Zombie Party Review

Retro graphics meets zombies. It’s an idea that’s been done before, a lot. So when I looked at Zombie Party for review I was immediately looking for something that made this game stand out among the rest, and it definitely delivered. 

Zombie Party is a frantic top down shooter that features RPG elements, procedural dungeons and local and online multiplayer. The developer, a one man team, put Zombie Party onto Steam Early Access in order to receive feedback as he progressed with the development of the game. The game state is currently in “Early Access Alpha Stage”  and it states this on-screen in massive letters in between loading screens so there’s really no way you can miss it. For a game in such early stages I expected a slight amount of content coupled with a myriad of issues, but during my time with Zombie Party I was relieved to find a stable and perfectly playable game, packed with things to do.

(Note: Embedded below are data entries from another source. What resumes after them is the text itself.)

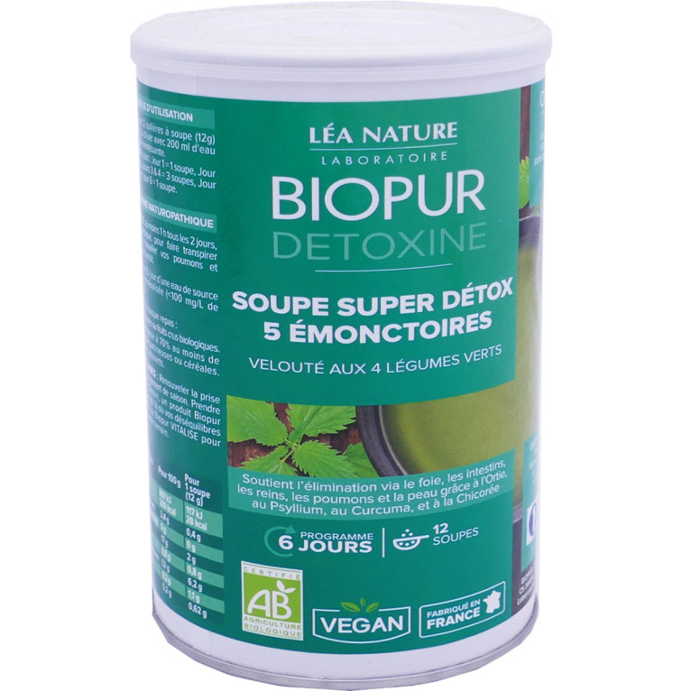 BIOPUR Détoxine Soupe Super Détox 5 Emonctoires des laboratoires LEA NATURE discount, un velouté composé de 4 légumes verts dans votre parapharmacie en ligne à prix discount.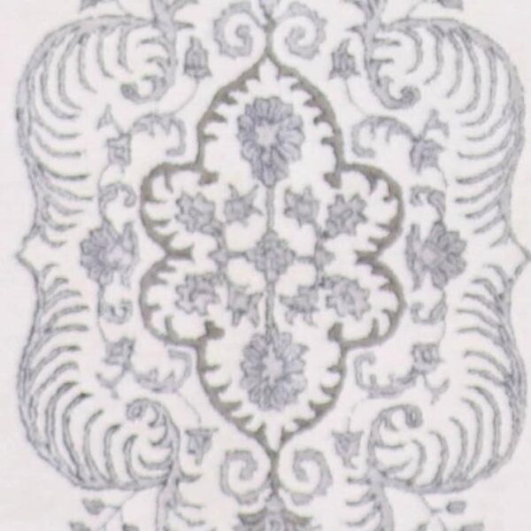 $900DETAILS Style: Decorative Size (width): 4′ Size (length): 6′ Material: Wool & Silk Pattern: Vintage Primary Color: Gray Additional Colors: Ivory and Silver Sku: t0150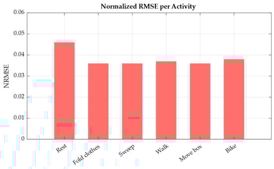 Finally, model performance was also analyzed by activity type. As shown in Figure 12, the NRMSE was computed separately for each task.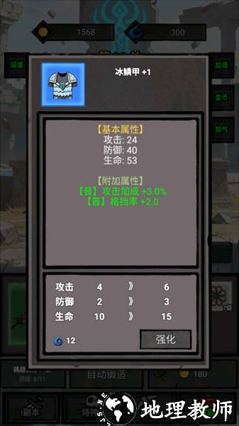 5.选择需要强化的装备,查看其基本属性和附加属性,消耗相应资源(如蓝色材料),点击 “强化” 按钮提升装备的攻击、防御、生命等属性,增强角色战力。
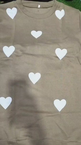 Yeh pyara aur aaramdeh hearts sweater set aapke casual collection ke liye ek behtareen izaafa hai. Iske oversized sweater par banay chotay-chotay dil isay ek cute look dete hain. Yeh set rozana pehennay ke liye bahut aaramdeh aur stylish hai. Iska soft fabric aapko behad pasand aayega.

OP weapons are the best at killing zombies.

The game is split into four modes, all of which can be played alone, in couch co-op, or online co-op. In Adventure mode you tackle waves of enemies picking up gold, weapons, ammo, magic runes, and upgrades along the way. In between waves you can access the shop to purchase upgrades to your weapons or more ammo and such. The waves end in a tough boss battle and then you warp to the next arena. This game mode is the most immediately enjoyable as it gives a real sense of progression as well as a tough challenge, and with the added incentive of location changes featuring a slew of new enemies I found myself consistently retrying not in order to get the high score but to see as many levels and enemy types as I could. After you eventually die you take all the gold you managed to grab and use it to buff your character, leveling up your damage, health, speed etc to make your next attempt more manageable so you can progress further. You can also use the gold to grab costumes and hats for your characters which of course is much more important.


Zombie fish? and… Zombie Jellyfish?!

Dungeon mode is where the “procedurally generated dungeons” come into play. You blast your way through foresty looking enemies, smashing loot chests until you go down a staircase to a newly generated level, the concept is cool and I enjoyed the destructible environment which held secret chests but felt that it all got stale quickly and found myself playing this mode the least out of the four.

Arcade is where you test your zombie blasting skills in a bid to reach a total of 10,000 Zombie kills in 5 minutes. This is a great mode for multiplayer and as you progress through the game you unlock more maps to use for this mode, giving a great incentive to play the other game modes more.

Deathmatch, albeit a fun idea was simply too much to handle for me, playing a four player match the screen was simply so full of lasers and explosions that I could not see my character half the time, and I’d often be looking for myself only to find I had died, already re spawned and was in the process of being shot again. Maybe with less players this would be more tolerable but for me I stuck to the other game modes.



The inclusion of local and online co-op into every mode is a commendable choice and having a friend to play with makes the game much more enjoyable. Though an issue I found with the game is unfortunately one that disrupts the co-op experience. When one player dies, the camera seems to freak out, potentially in mourning the loss of a zombie party goer but none the less it tends to result in the remaining character(s) dying due to a mental camera that locks onto the dead players corpse unwilling to let go. My other gripe with the game is more on a personal level, why no WEAPON WHEEL?! It seems to me that this game is dying for a weapon wheel option as you get a myriad of weapons and scrolling past ten plus weapons in order to grab the trusty flame thrower that would be really useful at that moment usually causes the moment to slip by. This can be rectified in some part by adjusting a setting in the options menu that gives an Unreal Tournament-esque auto weapon select in that it equips your most powerful weapon at any given time, the problem with this is it removes a huge element of the gameplay by giving you less choice on the battlefield and so the game becomes much simpler and thus less enjoyable.

Throughout all the game modes that Zombie Party offers the core concept remains the same: shoot things with OP weapons and survive as long as possible. For the most part the game manages to pull this off almost without a hitch, and although there are a couple things I noticed that marred my overall experience, the game is, (as it repeatedly states)  in its “Early Access Alpha Stage” and so there’s plenty of room for improvement before the final release.